The present study aimed to enhance the solubility and dissolution rate of the poorly water-soluble drug Eluxadoline through the development of an oral liquisolid system using the mixed solvency concept. Calibration curves of Eluxadoline in distilled water and 0.1 N HCl showed linearity at 241 nm over the concentration range of 20–100 µg/ml. Solubility enhancement was achieved using a mixed solvent system of propylene glycol (PG) and polyethylene glycol 400 (PEG 400) (1:1) incorporating solid solubilizers such as sodium caprylate, sodium benzoate, and PVP K25. Among various blends, Blend A (5% SC + 2.5% SB + 2% PVP K25 + 0.5 ml PG + 0.5 ml PEG 400) exhibited the highest equilibrium solubility of 142.012 mg/ml.
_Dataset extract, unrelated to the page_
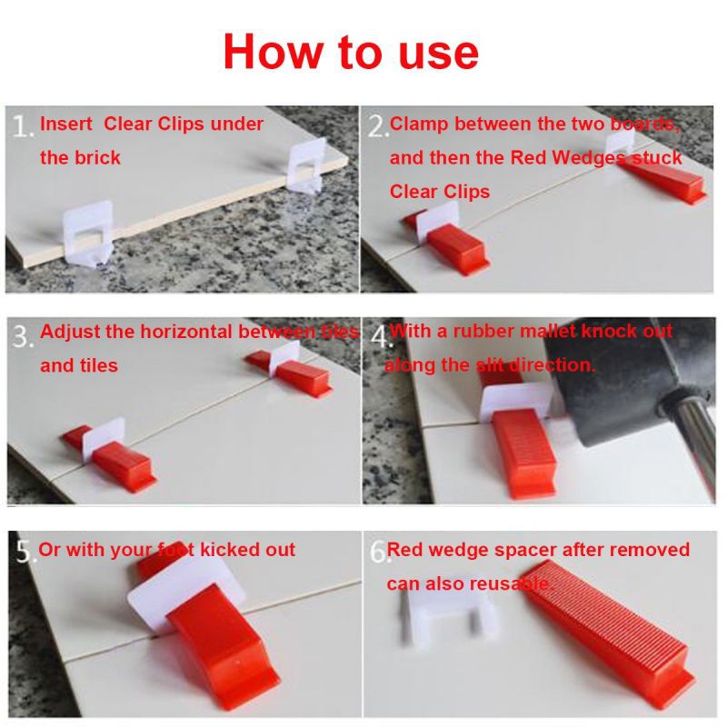100pcs Insert Wedge Tile Leveler Tile Cross Tile Push Pliers Tile Leveling System For Tile Laying

Compatibility and interference studies confirmed no interaction between the drug and excipients. Microcrystalline cellulose (Avicel PH 200) was used as the carrier and Aerosil (5%) as the coating material. Three liquisolid formulations (LS-01, LS-02, LS-03) were prepared and evaluated. All showed uniform drug content (97.77–99.52%) and improved dissolution compared to pure drug. LS-01 exhibited the best performance, achieving 99.77% release within 45 minutes. The optimized formulation was successfully scaled up using 9.5 mL of Blend A, 1250 mg of Eluxadoline, and 19,375 mg of Avicel PH 200. The final batch demonstrated a drug content of 98.92%, with a disintegration time ranging from 57 seconds to 3 minutes 10 seconds. In comparison studies, LS-01 exhibited 95.42% drug release within 10 minutes, whereas the pure drug showed only 55.06% release after 60 minutes. These outcomes confirm a significant improvement in dissolution rate and suggest enhanced bioavailability of the optimized formulation.